I'll start by saying that I've never really understood the flue gas thing, primarily because I'm the kind of person who needs to have my hands on something, in order to really comprehend it. And, although I understand dew point, I can't fully wrap my head around how flue gas is in proximity and stays wet long enough to cause significant rust to the internals of a boiler. Perhaps if I could physically inspect a rotted out unit, including the flue gas travel path, the whole thing might click in for me.

However, one thing I do understand completely is condensation caused by the interaction of hot and cold, simply because it's something I've seen examples of many times in everyday life. So if instead of flue gas, the condensation problem was described/defined as hot-cold differential issue, then it would make complete sense to me. The boiler is producing heat which primarily rises upward, and the cold water return to the bottom of the unit is capable of producing the hot-cold differential required to create condensation on internal boiler components. And those conditions would exist for some variable period of time: either until the total overall temp gets hot enough to make condensation impossible; or the return water temp is modified with hotter output boiler water, minimizing the hot-cold water differential temp. So, if the need for return protection was described simply as the minimization of hot-cold differential, it would be completely logical to me.
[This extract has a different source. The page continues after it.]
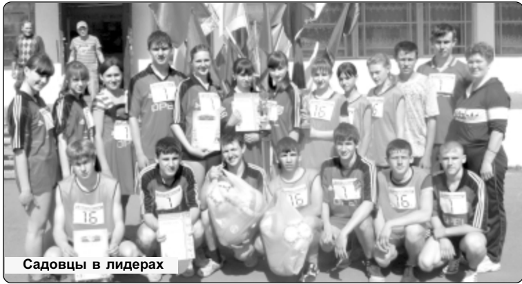
Садовцы в лидерах

Подтянутые, в спортивной форме, с эмблемами и георгиевскими ленточками самые маленькие спортсмены мерились силами впервые в легкоатлетической эстафете на приз газеты «Собеседник».

One other thing related to this that's also been very puzzling to me is the operation of my oil boiler (and I assume most other older fossil units as well). I never thought about this stuff before installing the wood boiler, but as we all know, you learn many new things along this journey. And one of those things I've read a few times is the opinion that all fossil boilers should also have return protection for the same reason as my wood boiler does.

However, the oil boiler in my house is now 30 years old, and has no indication of any rusting taking place, even though the system was designed with no return protection. I installed a number of simple probe thermometers in order to help me better understand the wood boiler operation, including some on the oil burner, which is in series with the WB. On the oil boiler return, I can see 65F return temps for some number of minutes, until the heating loop eventually brings the return up over 140F. So my question is, if return protection is so important, why hasn't the oil boiler rusted out after 30 years of this ongoing shock treatment?

So again, apologies for taking a fork in the road, and hopefully the follow-up discussion from the folks in the know will give me a better understanding of what I'm missing about this whole thing. (and hopefully answer your question as well)
 
Instead of a protection valve...
Go with a near boiler pump instead.Valve on each side of the pump then if you need to you can use that pump if one of your others fail.
But i would not go without any protection valve or near boiler pump.
 
I guess I can't relate since I have no actual experience with open storage and a coil. It has always been my assumption that with depleted open storage, you would still get an extended period of 'too cool' return water coming back to the boiler at a gpm rate of whatever your boiler circ would flow. If not, that would seem to give even more advantage to pressurized storage than I was thinking.